**Task prompt**.
Leave out all pictures while repeating the records exactly and completely.

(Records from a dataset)

---+---

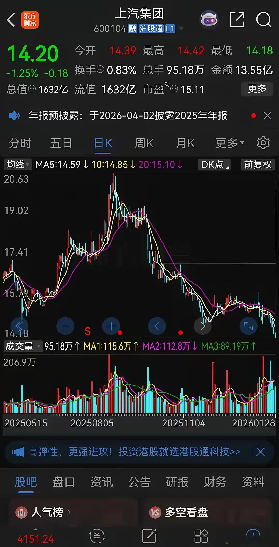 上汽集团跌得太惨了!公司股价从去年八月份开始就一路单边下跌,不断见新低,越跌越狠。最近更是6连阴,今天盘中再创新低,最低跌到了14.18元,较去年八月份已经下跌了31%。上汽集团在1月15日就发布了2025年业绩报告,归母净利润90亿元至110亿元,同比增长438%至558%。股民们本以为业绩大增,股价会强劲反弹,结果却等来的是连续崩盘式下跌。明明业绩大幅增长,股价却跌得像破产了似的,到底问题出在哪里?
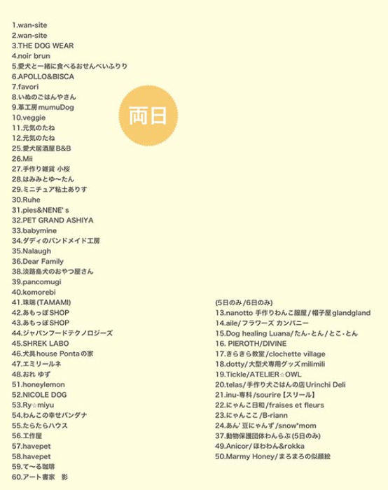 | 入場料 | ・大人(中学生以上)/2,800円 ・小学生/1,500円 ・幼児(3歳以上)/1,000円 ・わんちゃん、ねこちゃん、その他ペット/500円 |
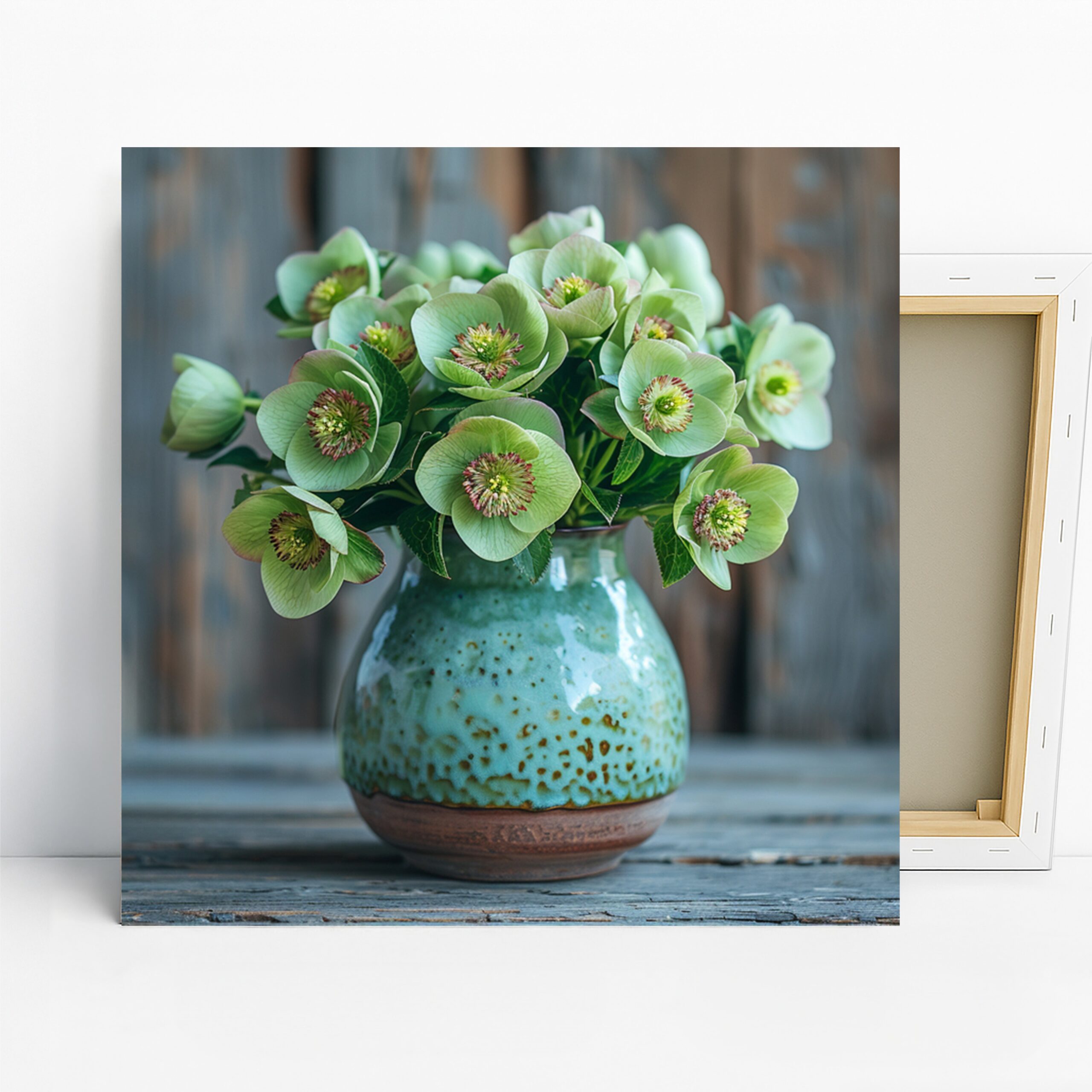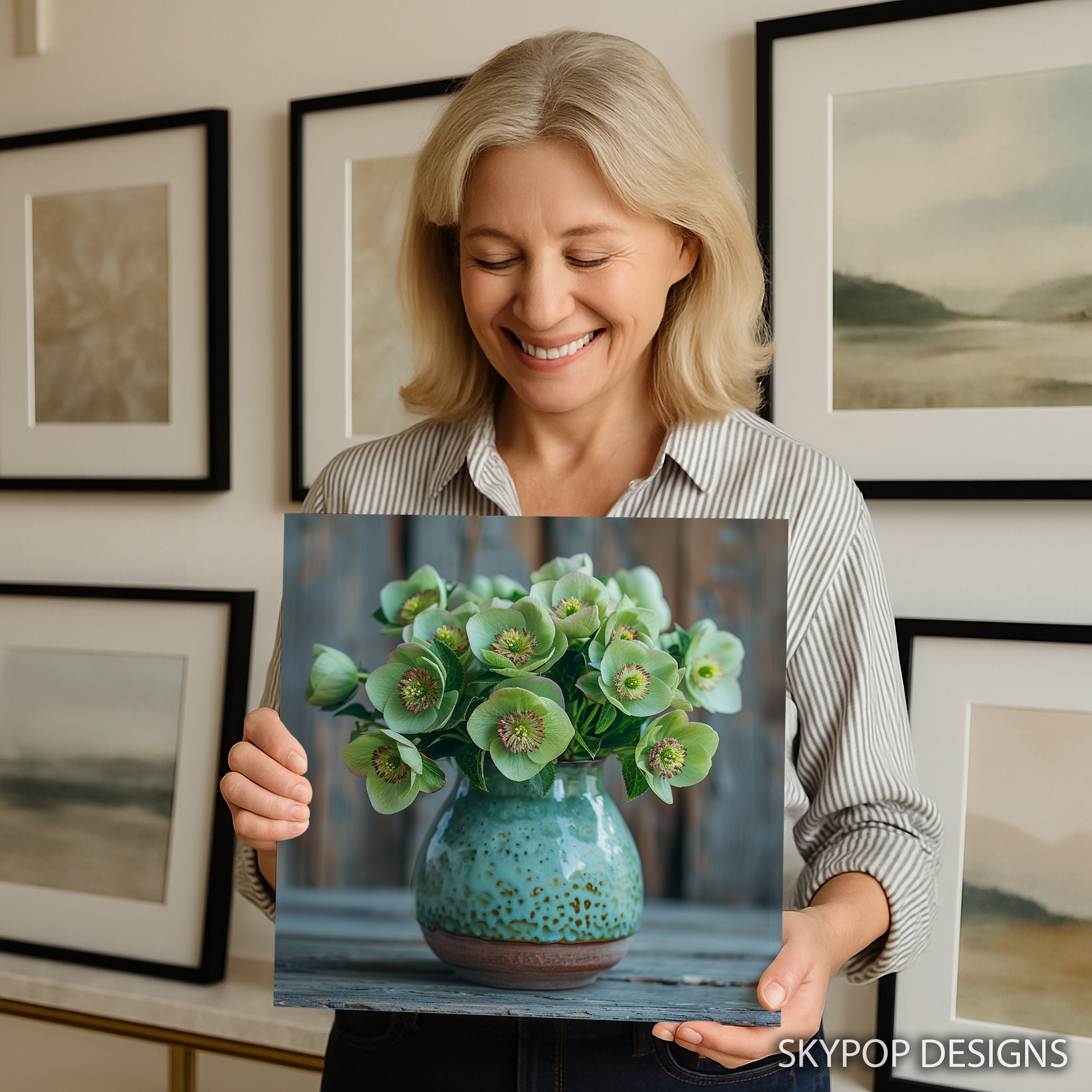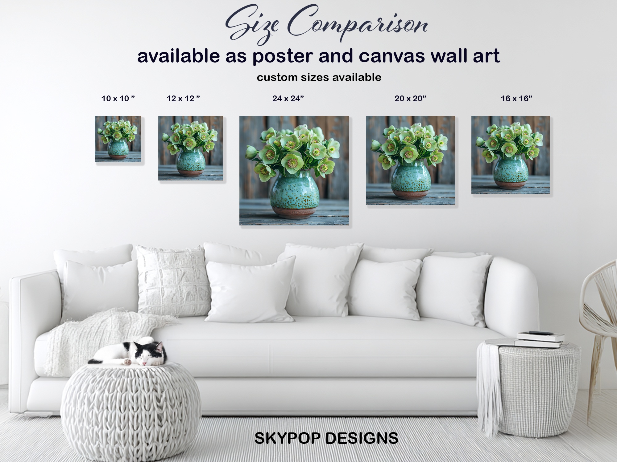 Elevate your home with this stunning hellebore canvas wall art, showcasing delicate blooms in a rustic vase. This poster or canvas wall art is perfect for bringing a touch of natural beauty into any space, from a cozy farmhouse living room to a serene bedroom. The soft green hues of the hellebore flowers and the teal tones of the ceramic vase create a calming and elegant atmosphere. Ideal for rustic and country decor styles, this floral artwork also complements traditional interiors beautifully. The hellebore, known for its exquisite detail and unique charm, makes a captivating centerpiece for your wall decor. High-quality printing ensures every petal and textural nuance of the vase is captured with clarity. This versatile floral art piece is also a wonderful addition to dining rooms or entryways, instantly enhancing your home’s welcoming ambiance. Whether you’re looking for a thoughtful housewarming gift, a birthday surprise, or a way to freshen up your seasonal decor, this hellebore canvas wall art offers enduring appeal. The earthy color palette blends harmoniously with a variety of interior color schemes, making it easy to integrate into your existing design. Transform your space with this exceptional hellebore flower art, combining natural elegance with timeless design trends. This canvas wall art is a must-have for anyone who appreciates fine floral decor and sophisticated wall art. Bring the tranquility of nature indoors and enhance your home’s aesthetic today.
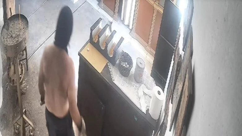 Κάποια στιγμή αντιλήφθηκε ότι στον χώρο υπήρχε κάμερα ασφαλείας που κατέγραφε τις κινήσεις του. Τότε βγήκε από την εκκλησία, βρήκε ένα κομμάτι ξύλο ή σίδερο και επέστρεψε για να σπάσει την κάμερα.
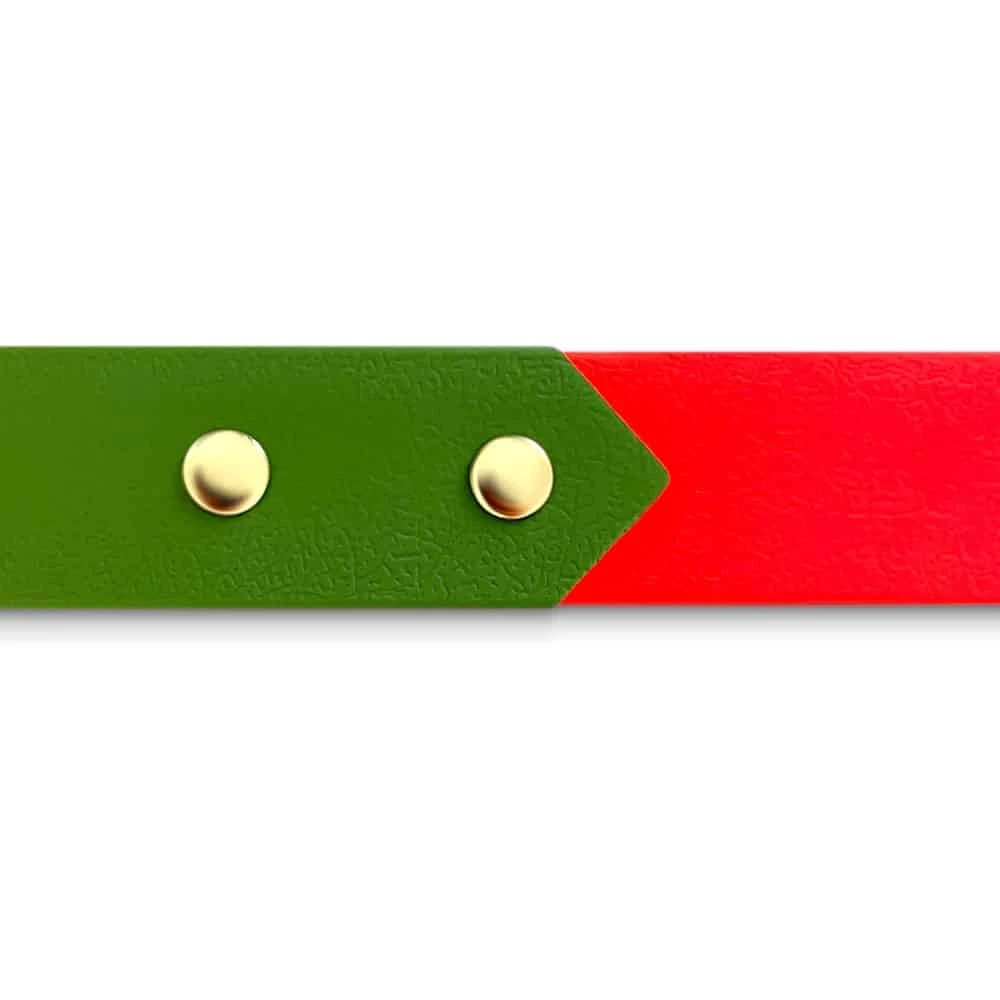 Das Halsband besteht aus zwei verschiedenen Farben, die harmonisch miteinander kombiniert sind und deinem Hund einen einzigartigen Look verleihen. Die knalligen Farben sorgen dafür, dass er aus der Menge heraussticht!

---+---

**Solution**.
 上汽集团跌得太惨了!公司股价从去年八月份开始就一路单边下跌,不断见新低,越跌越狠。最近更是6连阴,今天盘中再创新低,最低跌到了14.18元,较去年八月份已经下跌了31%。上汽集团在1月15日就发布了2025年业绩报告,归母净利润90亿元至110亿元,同比增长438%至558%。股民们本以为业绩大增,股价会强劲反弹,结果却等来的是连续崩盘式下跌。明明业绩大幅增长,股价却跌得像破产了似的,到底问题出在哪里?
 | 入場料 | ・大人(中学生以上)/2,800円 ・小学生/1,500円 ・幼児(3歳以上)/1,000円 ・わんちゃん、ねこちゃん、その他ペット/500円 |
 Elevate your home with this stunning hellebore canvas wall art, showcasing delicate blooms in a rustic vase. This poster or canvas wall art is perfect for bringing a touch of natural beauty into any space, from a cozy farmhouse living room to a serene bedroom. The soft green hues of the hellebore flowers and the teal tones of the ceramic vase create a calming and elegant atmosphere. Ideal for rustic and country decor styles, this floral artwork also complements traditional interiors beautifully. The hellebore, known for its exquisite detail and unique charm, makes a captivating centerpiece for your wall decor. High-quality printing ensures every petal and textural nuance of the vase is captured with clarity. This versatile floral art piece is also a wonderful addition to dining rooms or entryways, instantly enhancing your home’s welcoming ambiance. Whether you’re looking for a thoughtful housewarming gift, a birthday surprise, or a way to freshen up your seasonal decor, this hellebore canvas wall art offers enduring appeal. The earthy color palette blends harmoniously with a variety of interior color schemes, making it easy to integrate into your existing design. Transform your space with this exceptional hellebore flower art, combining natural elegance with timeless design trends. This canvas wall art is a must-have for anyone who appreciates fine floral decor and sophisticated wall art. Bring the tranquility of nature indoors and enhance your home’s aesthetic today.
 Κάποια στιγμή αντιλήφθηκε ότι στον χώρο υπήρχε κάμερα ασφαλείας που κατέγραφε τις κινήσεις του. Τότε βγήκε από την εκκλησία, βρήκε ένα κομμάτι ξύλο ή σίδερο και επέστρεψε για να σπάσει την κάμερα.
 Das Halsband besteht aus zwei verschiedenen Farben, die harmonisch miteinander kombiniert sind und deinem Hund einen einzigartigen Look verleihen. Die knalligen Farben sorgen dafür, dass er aus der Menge heraussticht!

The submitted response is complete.